Here I have created a string and I am storing the binary value of a number in the string.. I want to store the value of the variable num to the string.
i contains the length of the binary number for the given decimal number..suppose the given number is A=6, i contains 3 and i need a string 'result' having '110' which is the binary value of 6.
char* result = (char *)malloc((i)* sizeof(char));
i--;
while(A>=1)
{
num=A%2;
result[i]=num; // here I need to store the value of num in the string
A=A/2;
i--;
}
It appears from the code you've posted is that what you are trying to do is to print a number in binary in a fixed precision. Assuming that's what you want to do, something like
unsigned int mask = 1 << (i - 1);
unsigned int pos = 0;
while (mask != 0) {
result[pos] = (A & mask) == 0 ? '0' : '1';
++pos;
mask >>= 1;
}
result[pos] = 0; //If you need a null terminated string
edge cases left as an exercise for the reader.
I'm not sure specifically what you are asking for. Do you mean the binary representation (i.e. 00001000) of a number written into a string or converting the variable to a string (i.e. 8)? I'll assume you mean the first.
The easiest way to do this is to repeatedly test the least significant bit and shift the value to the right (>>). We can do this in for loop. However you will need to know how many bits you need to read. We can do this with sizeof.
int i = 15;
for (int b = 0; b < sizeof(i); ++b) {
uint8_t bit_value = (i & 0x1);
i >>= 1;
}
So how do we turn this iteration into a string? We need to construct the string in reverse. We know how many bits are needed, so we can create a string buffer accordingly with an extra byte for NULL termination.
char *buffer = calloc(sizeof(i) + 1, sizeof(char));
What this does is allocates memory that is sizeof(i) + 1 elements long where each element is sizeof(char), and then zero's each element.

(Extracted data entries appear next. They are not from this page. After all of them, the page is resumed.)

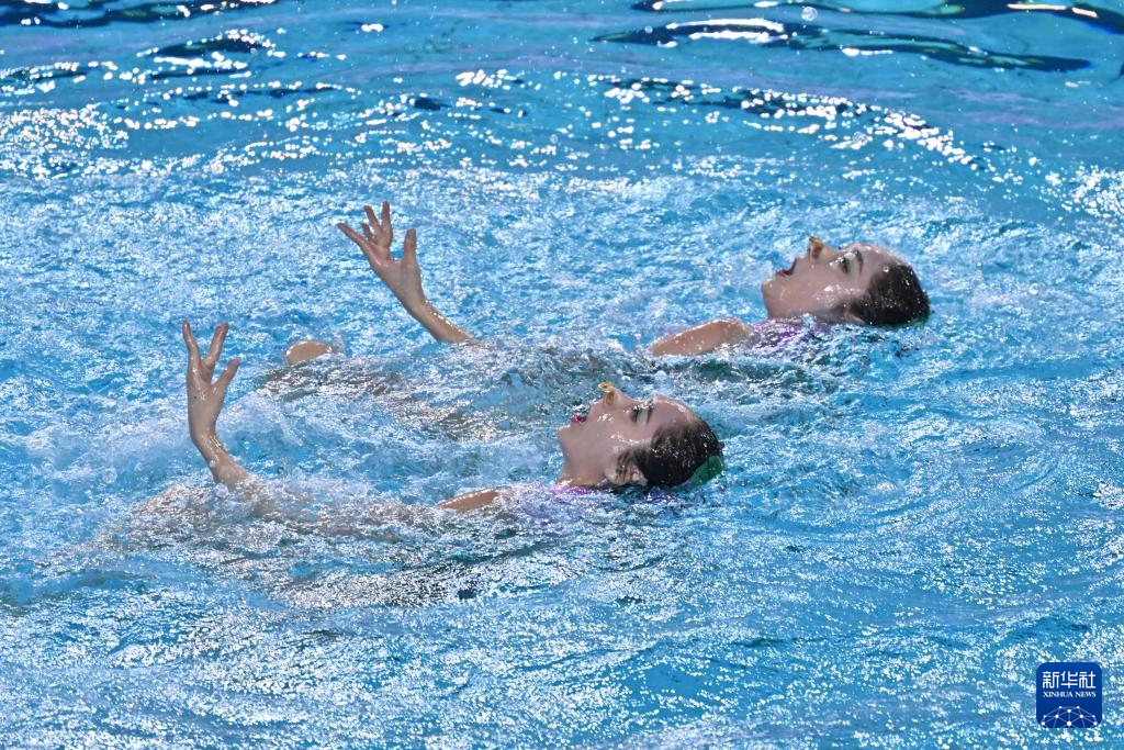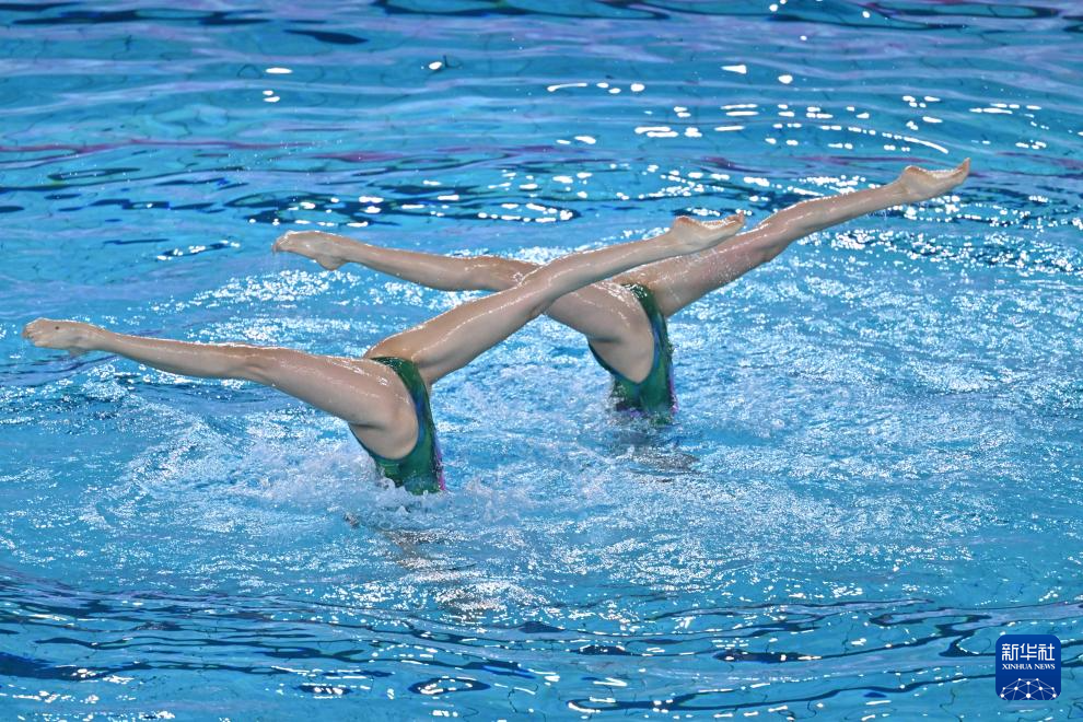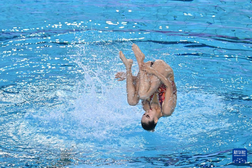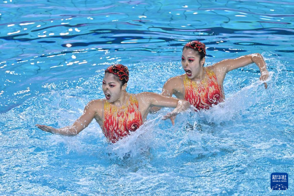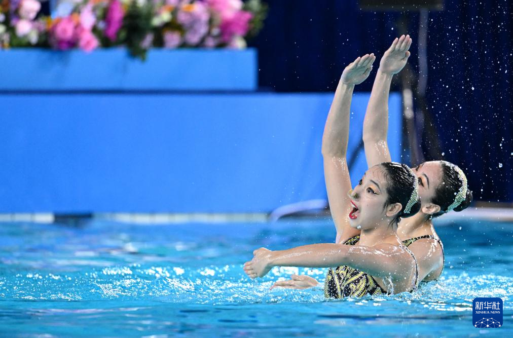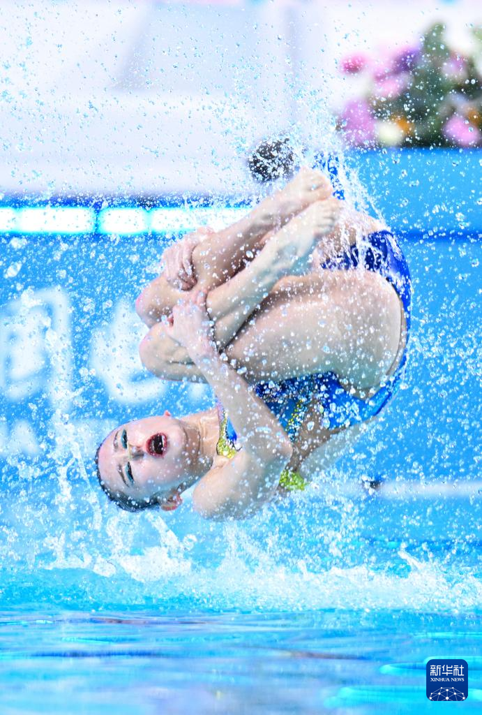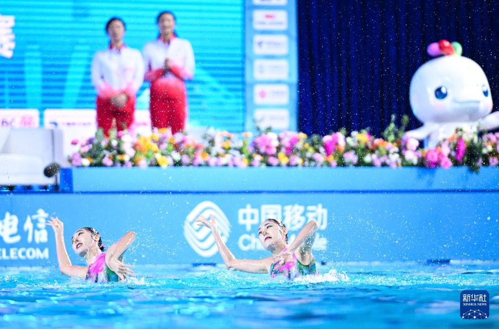 当日,第十五届全国运动会花样游泳女子双人技术自选比赛在广东江门举行。
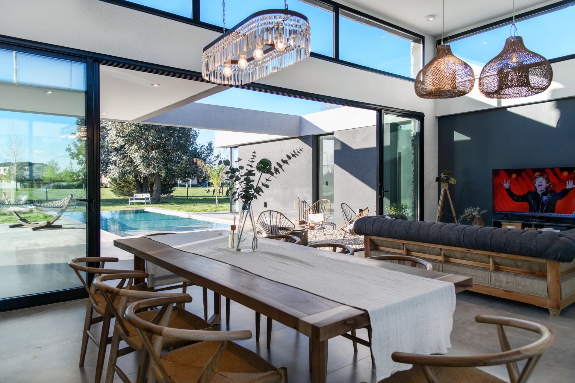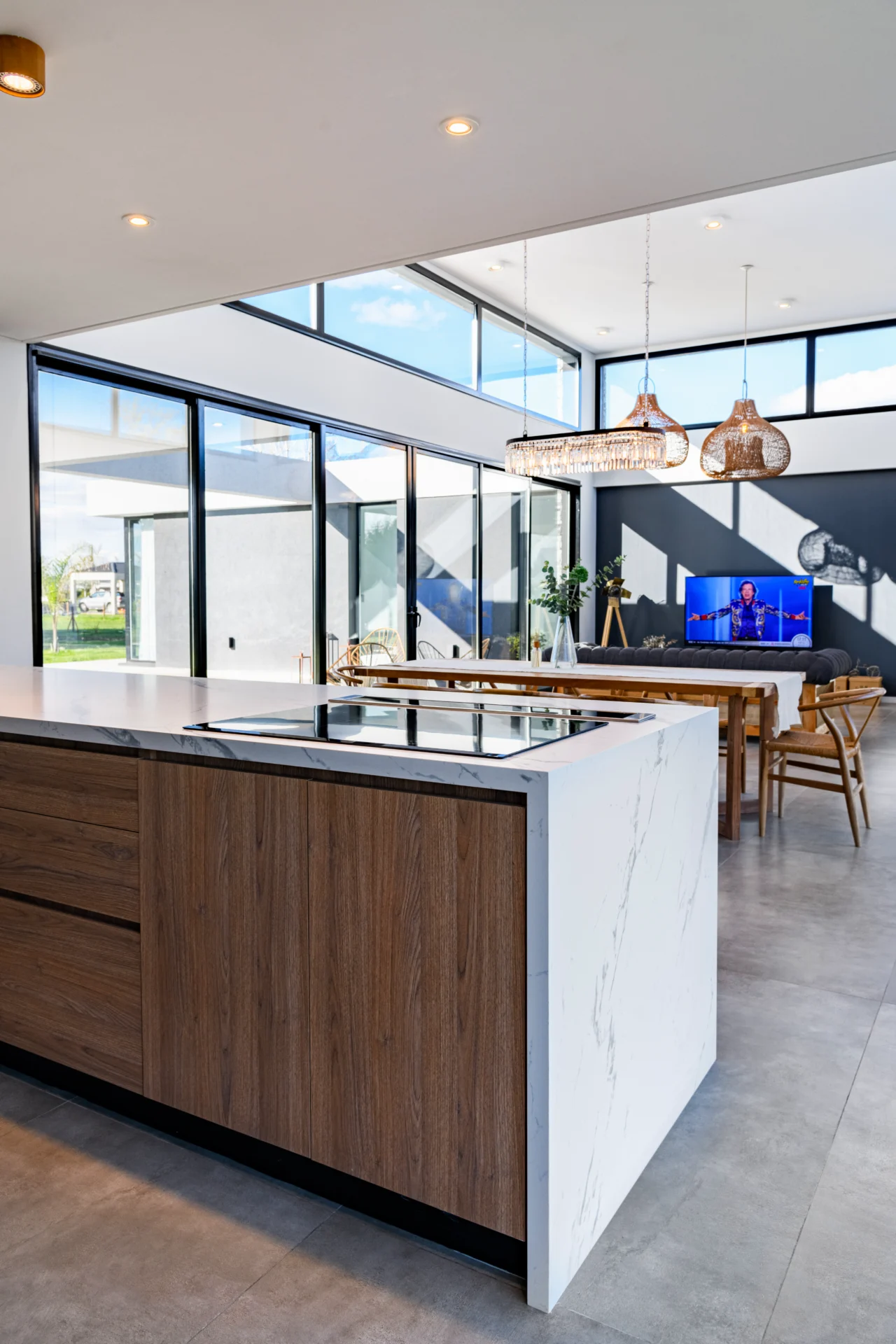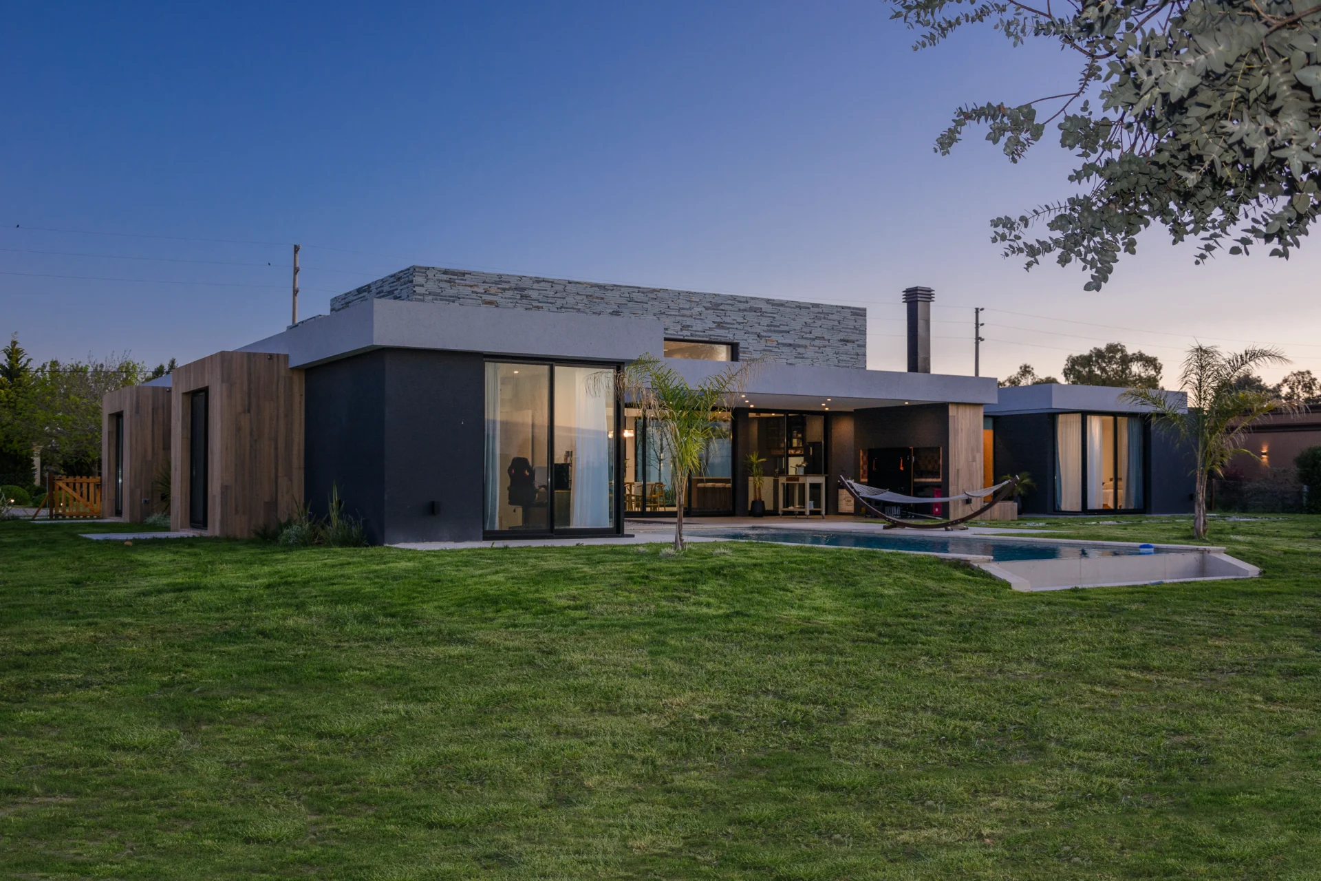 El proyecto combina materiales que enfatizan la calidez y modernidad, incluyendo revestimientos de piedra, madera y paredes negras. Los cerramientos acristalados refuerzan la sensación de amplitud y conexión exterior, mientras que los volúmenes de madera aportan textura y contrastan con la continuidad de la viga.
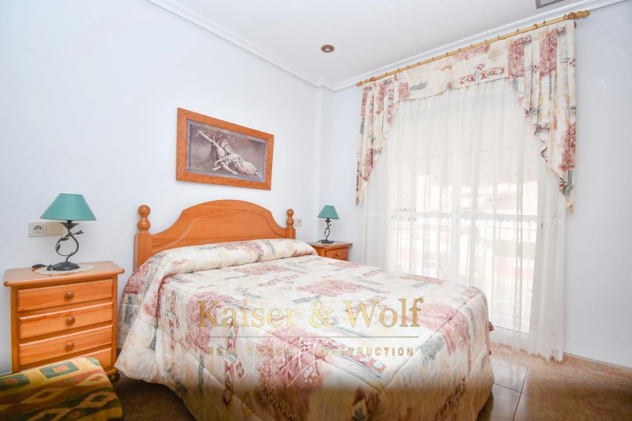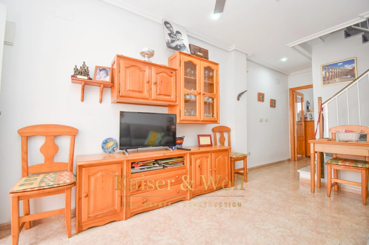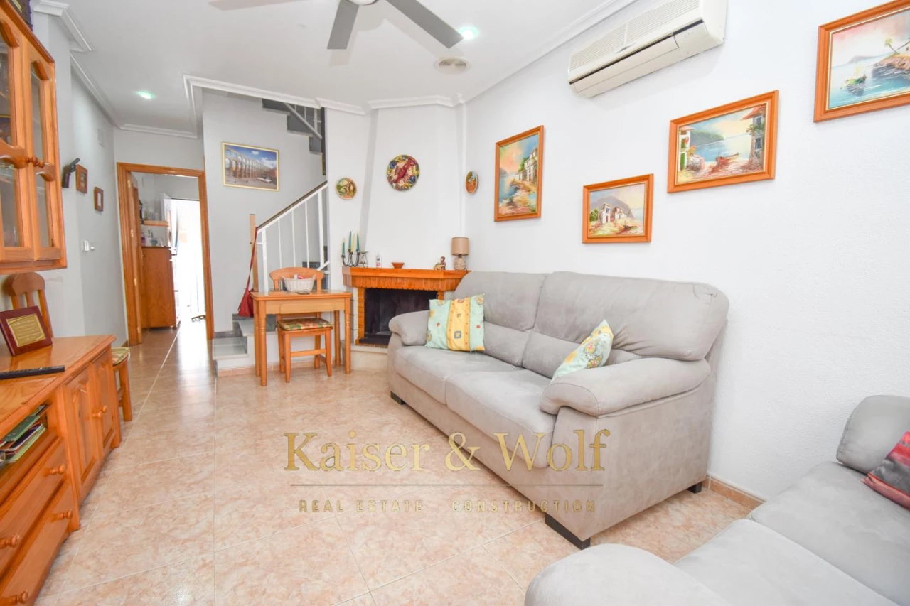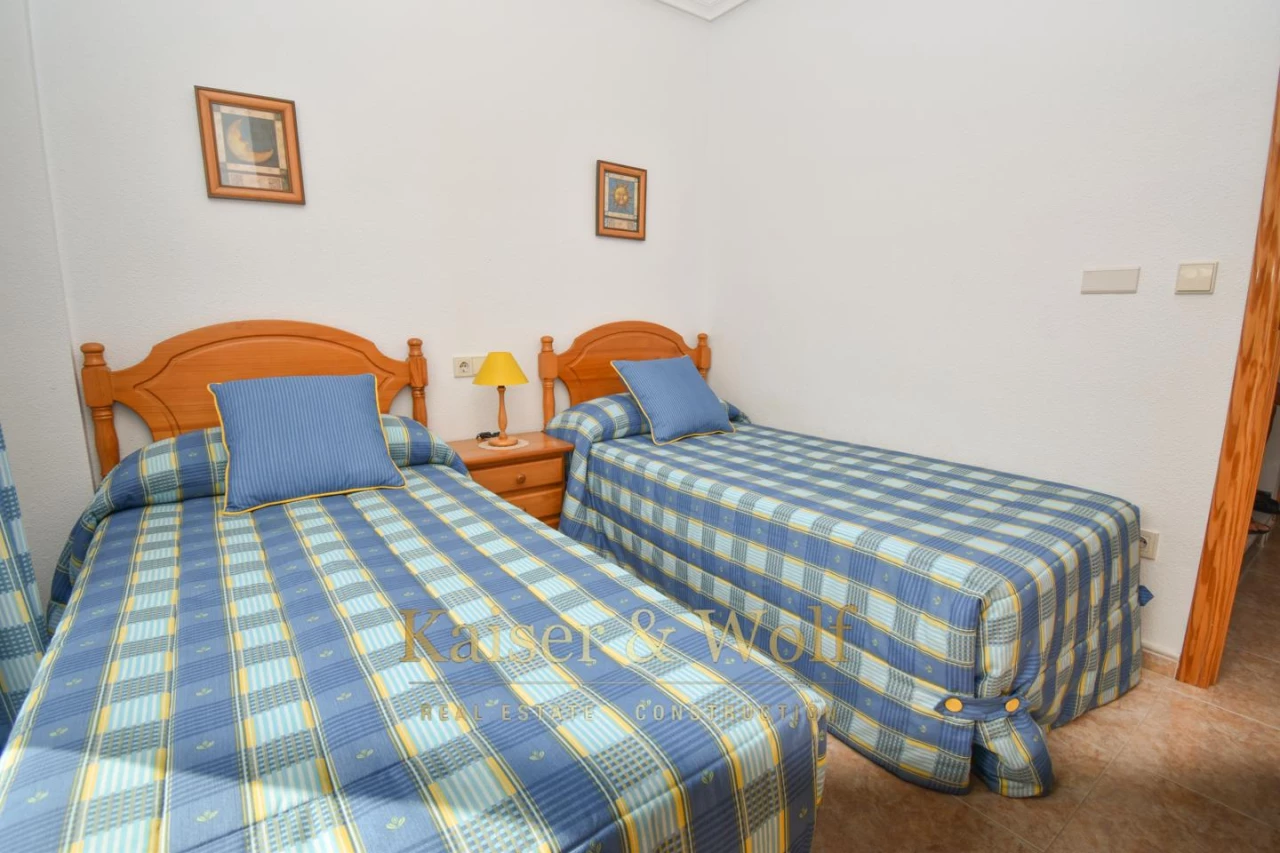Are you looking for a home with outdoor space, swimming pool and parking? This comfortable 3-bedroom, 2-bath bungalow-style home is move-in ready and has everything you need. Located in a quiet residential area, it is in a private urbanization less than five minutes walk from Playa Lisa and Tamarit. The entrance to the house is from the street, and it has two independent terraces, facing east and west respectively, as well as a balcony in one of the bedrooms. It also has a community pool and underground parking space.
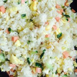 6. Fry the rice until the grains are separated and pour in the fried eggs, cucumber and ham dices
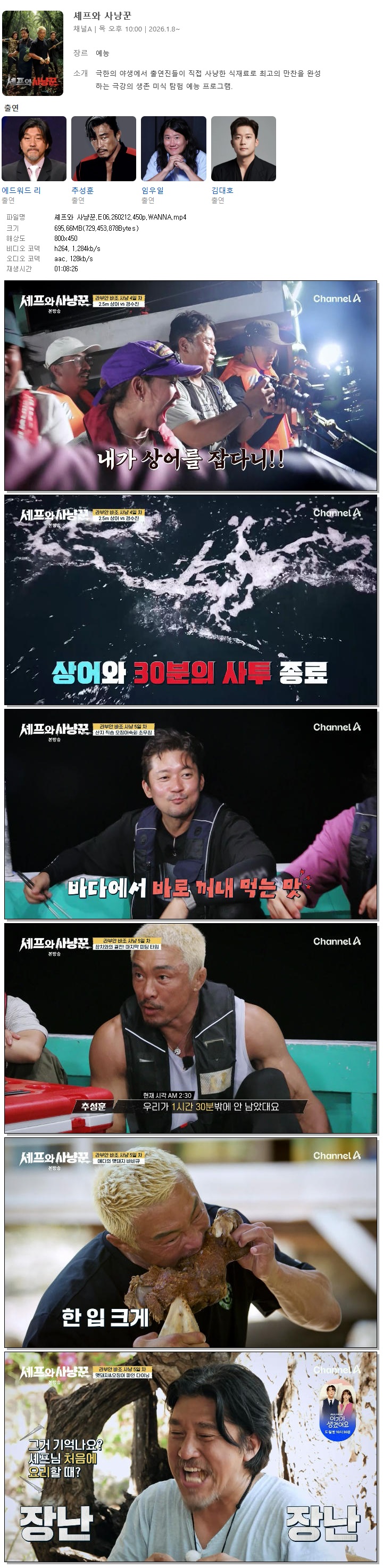 | [채널A] 셰프와 사냥꾼.E06.260212.450p.WANNA[추성훈, 김대호].mp4 | 695.7 M | 01:08:26 | 800x450 |
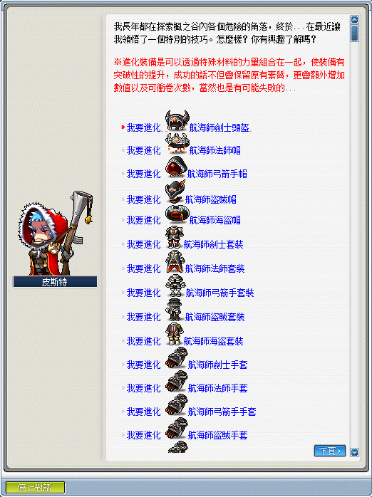 《開始進化》─當你蒐集完所有材料即可開始進行裝備進化,以下為幾種進化的使用方式
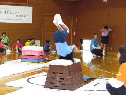 今日は学習発表会でした。オープニングは「小見っ子雑技団2024」です。
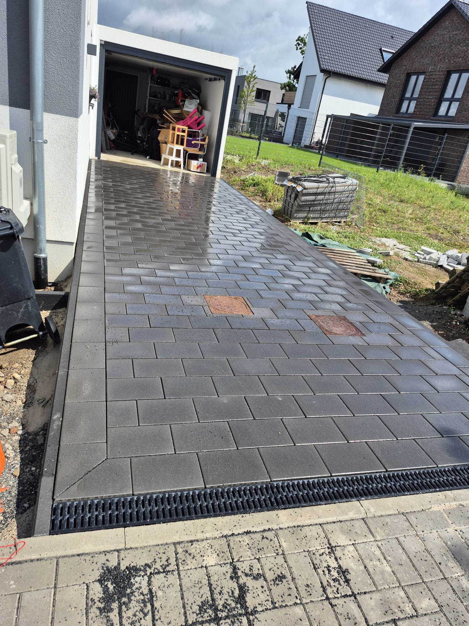 Entdecken Sie eine Auswahl unserer abgeschlossenen Arbeiten – von Pflasterflächen und Rollrasen bis hin zu Zaunbau und Natursteinprojekten.

Now lets put the bits into the string.
for (int b = 0; b < sizeof(i); ++b) {
uint8_t bit_value = (i & 0x1);
size_t offset = sizeof(i) - 1 - b;
buffer[offset] = '0' + bit_value;
i >>= 1;
}
So what's happening here? In each pass we're calculating the offset in the buffer that we should be writing a value to, and then we're adding the ASCII value of 0 to bit_value as we write it into the buffer.
This code is untested and may have some issues, but that is left as an exercise to the reader. If you have any questions, let me know!
here is the whole code. It is supposed to work fine.
int i=0;
int A;//supposed entered by user
//calculating the value of i
while(A!=0)
{
A=A/2;
i++;
}
char* result=(char *)malloc(sizeof(char)*i);
i--;
while(A!=0)
{
result[i]='0'+(A%2);
A=A/2;
i--;
}
#include <stdio.h>
#include <stdlib.h>
#include <string.h>
#include <limits.h>
char *numToBinStr(int num){
static char bin[sizeof(int) * CHAR_BIT + 1];
char *p = &bin[sizeof(int) * CHAR_BIT];//p point to end
unsigned A = (unsigned)num;
do {
*--p = '0' + (A & 1);
A >>= 1;
}while(A > 0);//do-while for case value of A is 0
return p;
}
int main(void){
printf("%s\n", numToBinStr(6));
//To duplicate, if necessary
//char *bin = strdup(numToBinStr(6));
char *result = numToBinStr(6);
char *bin = malloc(strlen(result) + 1);
strcpy(bin, result);
printf("%s\n", bin);
free(bin);
return 0;
}
You could use these functions in <stdlib.h>:
itoa(); or sprintf()
The second link has some examples as well.